** Goal of the exercise **
Using the data below, return word for word every line from the one holding "The depth to" down to the one holding "② ,头Das geht". Leave pictures out.

** Available data **
⁂

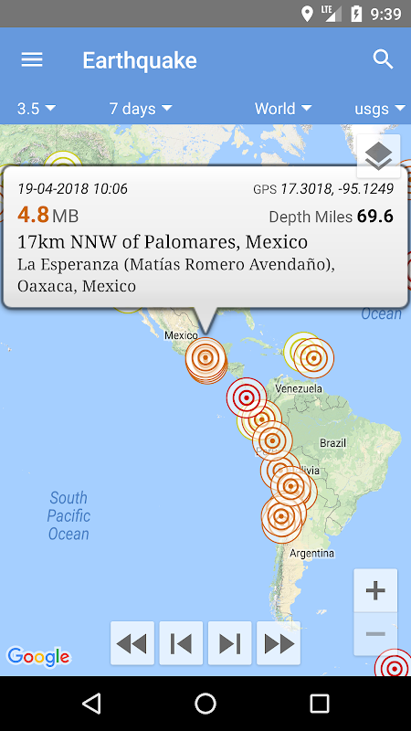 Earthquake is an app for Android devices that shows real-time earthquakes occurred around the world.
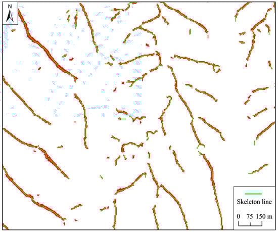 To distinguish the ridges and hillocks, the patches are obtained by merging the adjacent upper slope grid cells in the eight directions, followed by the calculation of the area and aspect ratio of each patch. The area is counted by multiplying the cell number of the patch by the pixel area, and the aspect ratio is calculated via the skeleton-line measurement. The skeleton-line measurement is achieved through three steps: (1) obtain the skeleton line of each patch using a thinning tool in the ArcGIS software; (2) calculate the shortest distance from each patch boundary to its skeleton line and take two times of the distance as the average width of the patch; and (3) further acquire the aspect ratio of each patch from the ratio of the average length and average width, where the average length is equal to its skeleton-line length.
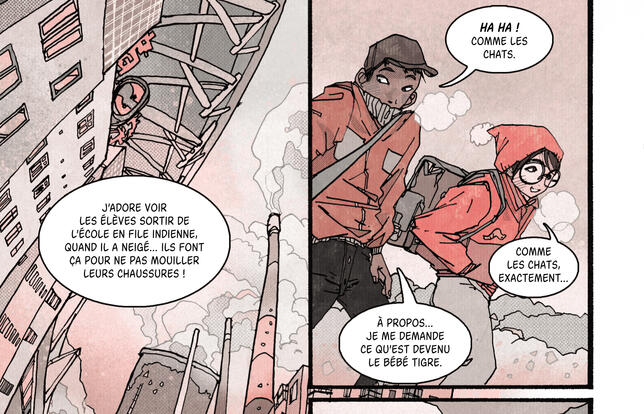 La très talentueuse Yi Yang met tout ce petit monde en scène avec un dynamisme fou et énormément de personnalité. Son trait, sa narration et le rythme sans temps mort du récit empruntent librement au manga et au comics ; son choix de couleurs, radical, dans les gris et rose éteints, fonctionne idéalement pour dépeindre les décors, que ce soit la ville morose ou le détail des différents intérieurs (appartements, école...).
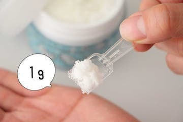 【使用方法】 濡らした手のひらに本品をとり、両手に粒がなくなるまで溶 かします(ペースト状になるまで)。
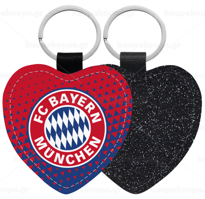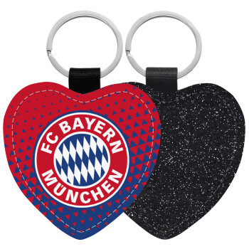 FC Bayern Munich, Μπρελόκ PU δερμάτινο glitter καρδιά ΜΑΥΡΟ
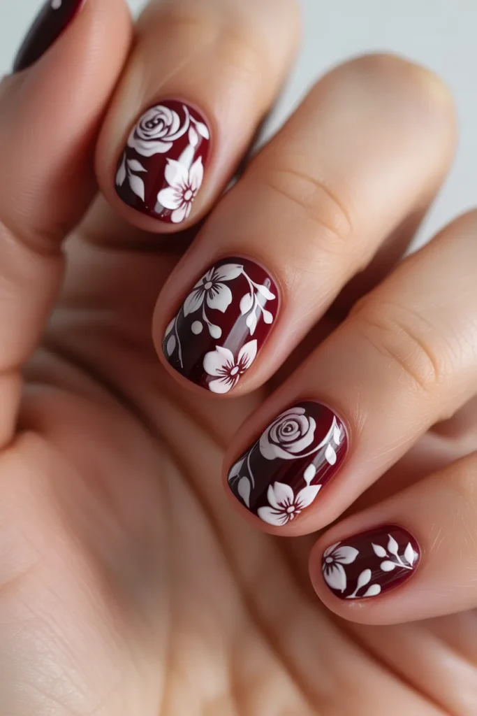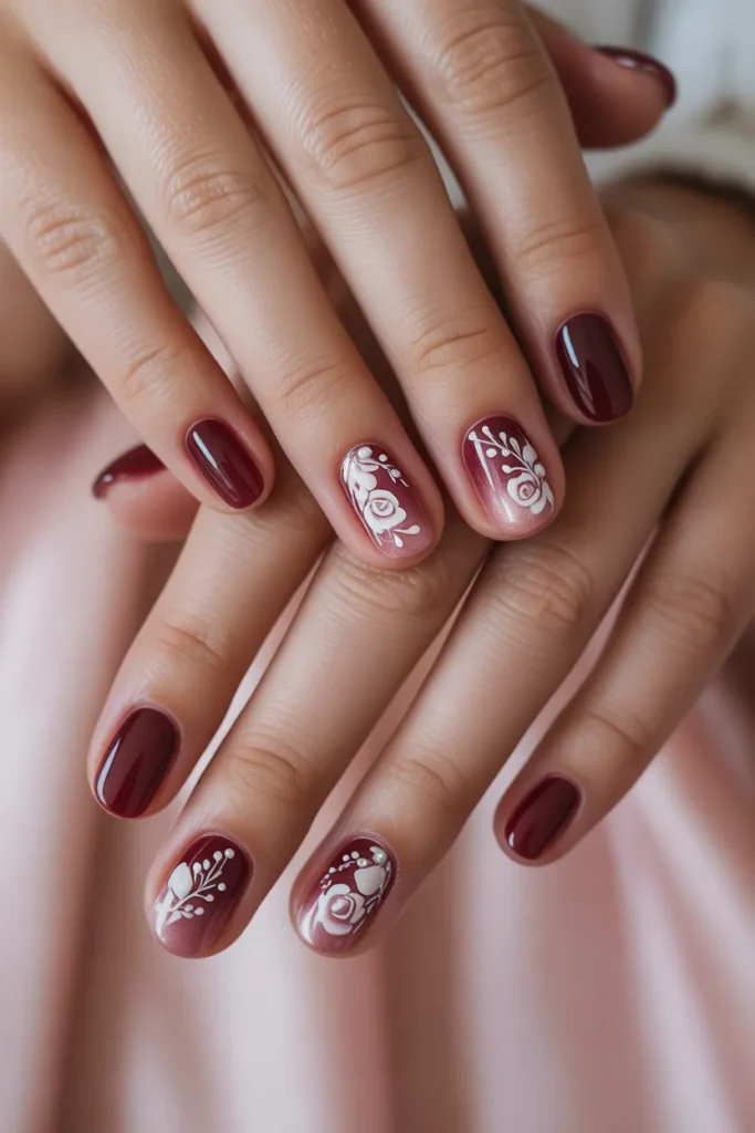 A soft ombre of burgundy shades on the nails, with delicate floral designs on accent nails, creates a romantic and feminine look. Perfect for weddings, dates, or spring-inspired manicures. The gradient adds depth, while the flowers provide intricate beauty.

⁂

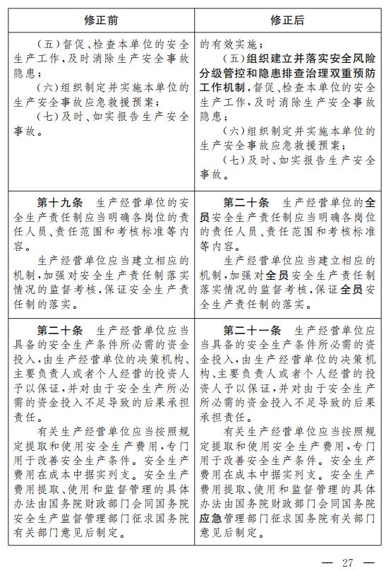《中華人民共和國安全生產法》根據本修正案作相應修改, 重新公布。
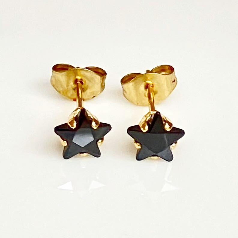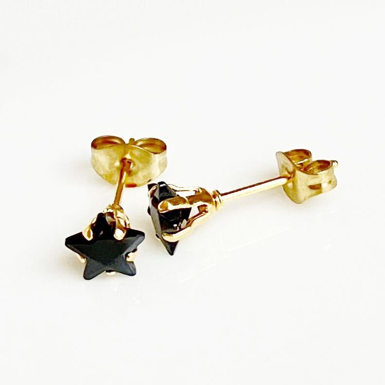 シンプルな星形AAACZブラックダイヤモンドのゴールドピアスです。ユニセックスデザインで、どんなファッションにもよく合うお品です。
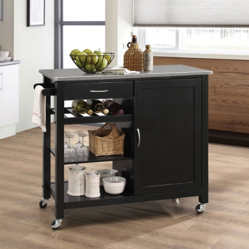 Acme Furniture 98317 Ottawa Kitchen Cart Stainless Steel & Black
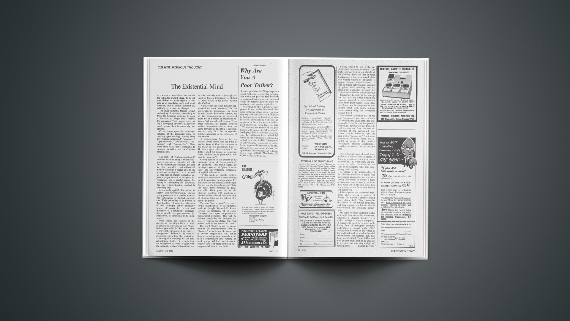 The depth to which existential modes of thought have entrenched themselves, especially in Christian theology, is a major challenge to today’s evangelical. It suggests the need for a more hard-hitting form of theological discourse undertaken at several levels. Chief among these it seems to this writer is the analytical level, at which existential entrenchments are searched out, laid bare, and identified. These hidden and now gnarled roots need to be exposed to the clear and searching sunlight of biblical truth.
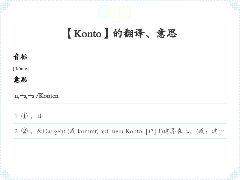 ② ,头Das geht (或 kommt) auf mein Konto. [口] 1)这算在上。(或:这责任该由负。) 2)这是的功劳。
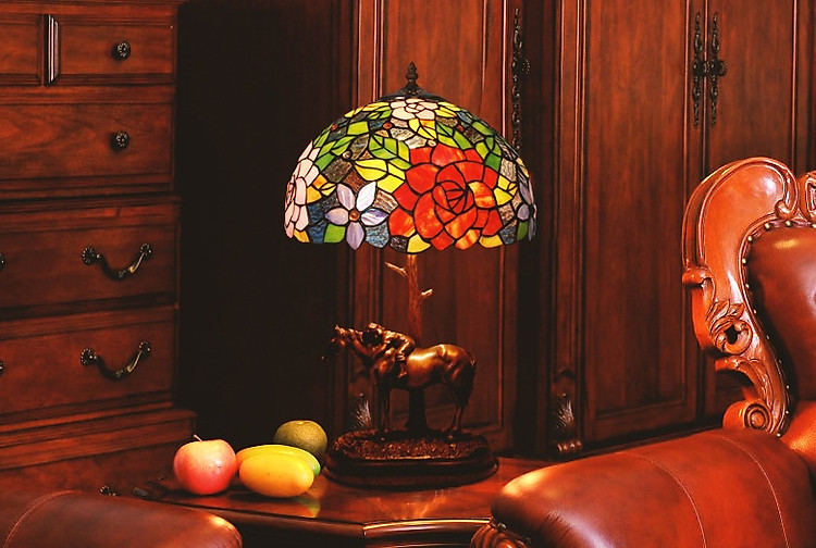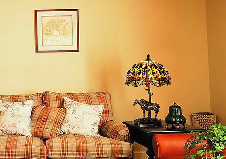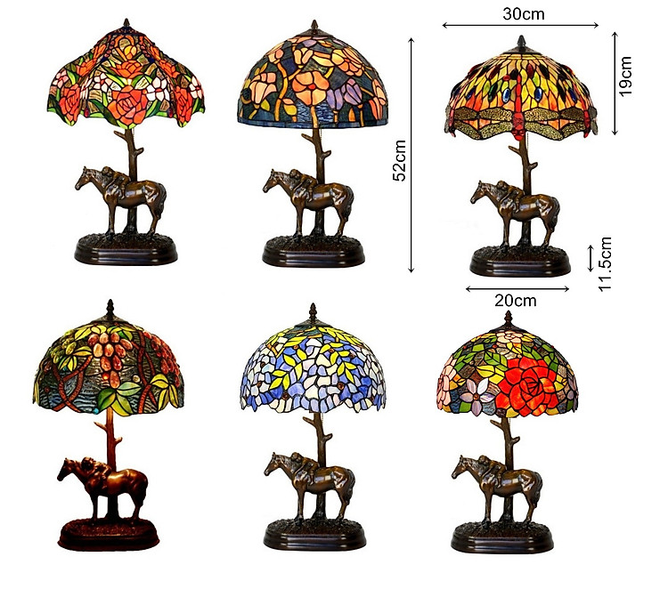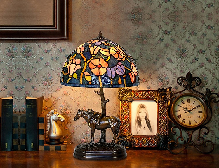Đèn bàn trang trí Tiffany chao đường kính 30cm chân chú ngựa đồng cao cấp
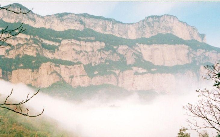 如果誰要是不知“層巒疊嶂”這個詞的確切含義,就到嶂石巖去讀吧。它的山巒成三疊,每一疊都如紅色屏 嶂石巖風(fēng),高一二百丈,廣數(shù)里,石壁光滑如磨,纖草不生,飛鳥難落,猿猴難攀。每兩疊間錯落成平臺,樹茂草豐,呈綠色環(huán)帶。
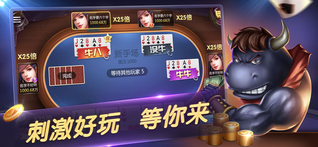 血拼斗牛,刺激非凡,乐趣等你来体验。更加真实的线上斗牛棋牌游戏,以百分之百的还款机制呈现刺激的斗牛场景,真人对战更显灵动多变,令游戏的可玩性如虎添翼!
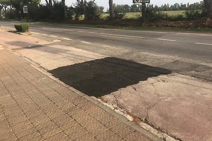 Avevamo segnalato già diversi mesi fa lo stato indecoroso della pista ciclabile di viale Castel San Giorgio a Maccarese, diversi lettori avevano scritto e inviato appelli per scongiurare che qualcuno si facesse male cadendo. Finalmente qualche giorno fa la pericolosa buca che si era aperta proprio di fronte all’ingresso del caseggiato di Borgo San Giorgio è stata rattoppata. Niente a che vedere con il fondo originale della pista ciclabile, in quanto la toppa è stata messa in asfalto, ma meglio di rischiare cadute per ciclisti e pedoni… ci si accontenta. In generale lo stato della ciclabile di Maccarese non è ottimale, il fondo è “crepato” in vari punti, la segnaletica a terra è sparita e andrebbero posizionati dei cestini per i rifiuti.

⁂

** Response area **
 The depth to which existential modes of thought have entrenched themselves, especially in Christian theology, is a major challenge to today’s evangelical. It suggests the need for a more hard-hitting form of theological discourse undertaken at several levels. Chief among these it seems to this writer is the analytical level, at which existential entrenchments are searched out, laid bare, and identified. These hidden and now gnarled roots need to be exposed to the clear and searching sunlight of biblical truth.
 ② ,头Das geht (或 kommt) auf mein Konto. [口] 1)这算在上。(或:这责任该由负。) 2)这是的功劳。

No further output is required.